People from Iron, Washington counties attend storm spotter training; STGnews Videocast

ST. GEORGE — The National Weather Service issues advisories, warnings and alerts when a winter storm, flash flooding, hail, or other weather hazards are expected to hit an area, and about 30 emergency responders and members of the public from Iron and Washington counties were trained to be storm spotters Wednesday at 6 p.m. in the basement of the Washington County Courthouse, 197 E. Tabernacle Street in St. George.

Kevin Barjenbruch, National Weather Service warning coordination meteorologist in Salt Lake City, taught interested residents how to spot storms, including tornadoes, hurricanes, hail, and flash floods.

Watch the videocast, click play arrow  play-arrow  in center of image top of this story

“The goal is, as events unfold, we will get reports via a number of different methods into our office,” Barjenbruch said. “So there is the option to submit reports online or to just give us a call with weather information …. if we’re looking for, in the case of a heavy rainfall event, how much rain occurred, if there was any flooding that’s occurring and any damage.”

As the season changes into summer months the National Weather Service looks for the possibility of tornadoes or large hail, he said.

Bajenbruch shared how storm spotters may identify certain weather occurrences to be reported to him and his associates at the National Weather Service office in Salt Lake City, including the following:

Flooding, flash flooding, heavy rainfall

  • Rapid rise of water along a stream, wash, or low lying area after a heavy rainfall
  • Water approaching bank, full or nearing roads and structures
  • Inch or more of rainfall observed in a “short duration” of time
  • Any observed flooding
  • Debris flows

Winter weather

  • Snowfall accumulations (how much in what time period)
  • Snow depth
  • Freezing rain accumulation
  • Precipitation type changes

Fire weather

  • New wildfire starts
  • Smoke reducing visibility to less than 2 miles
  • Weather pattern change that could give insight to NWS forecasters

Convective weather

In short, according to the NWS glossary, the term convection in meteorology is used specifically to describe vertical transport of heat and moisture in the atmosphere, especially by updrafts and downdrafts in an unstable atmosphere.

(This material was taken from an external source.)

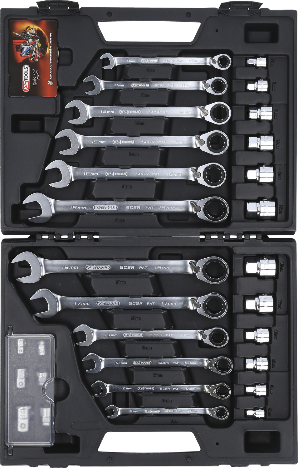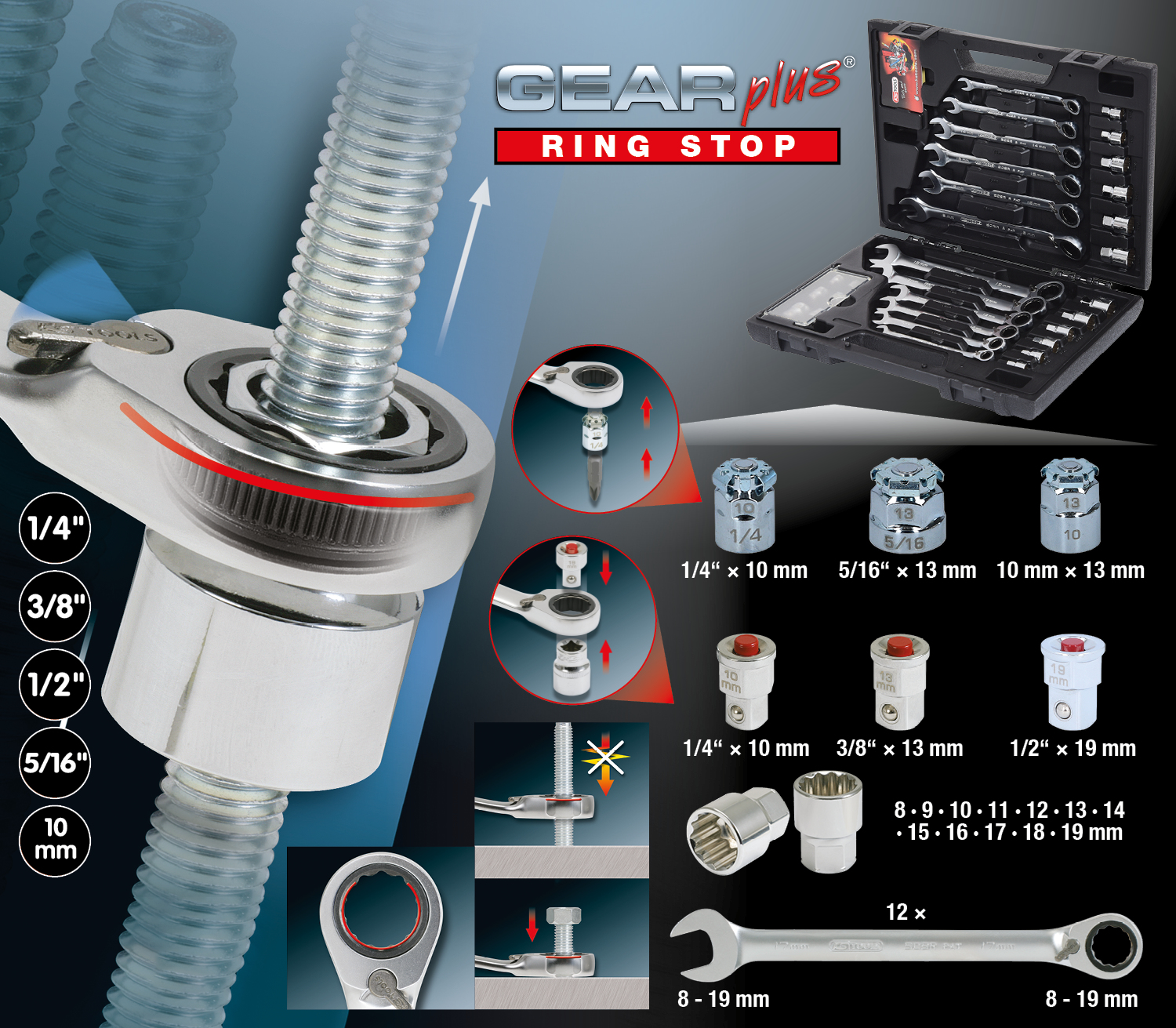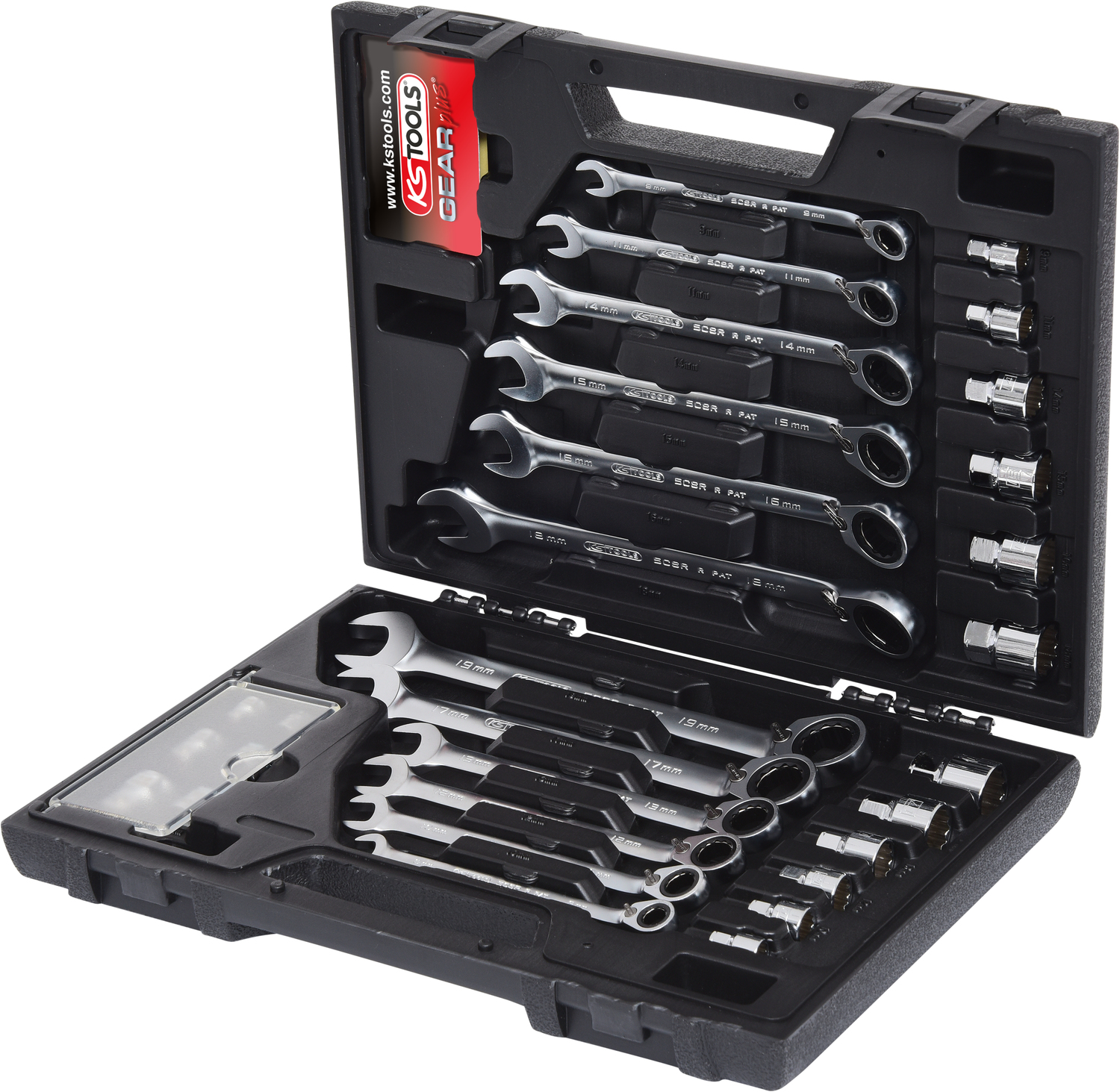 GEARplus RINGSTOP dinamometrisko kombinēto uzgriežņu atslēgu komplekts, 30 -daļīgs, ar adapteru

  • Tornado – violently rotating column of air that touches the ground
  • Funnel cloud – violently rotating column of air that does not reach the ground (watch for rotation)
  • Wall cloud – an isolated lowering form cumulonimbus cloud base that resembles a pedestal (watch for rotation and persistence)
  • Hail – any size
  • Wind
    • Damage – structure, trees uprooted, and/or large healthy limbs down
    • Speed – approximately 50 mph or stronger


  • Winds and waves impacting craft
  • Waterspouts
  • Dense fog

Submitting a weather report to the National Weather Service

Barjenbruch encouraged videoing the weather observed if it doesn’t put the storm spotter in danger. He was happy with the response at the training meeting, Barjenbruch said.

“We were impressed with the large crowd and the interactive nature of the audience,” he said. “There were lots of great questions so I think we are going to be getting some great reports as we go through the next year or two, hopefully.”

Choundry Ali with the American Red Cross said he came to learn more on how to help the community in Washington County. Ali said he enjoyed learning how to react to weather in the county and become a weather spotter to help the National Weather Service and how they operate.

“It was actually really good information just to know how this whole storm system works and what to look for,” he said.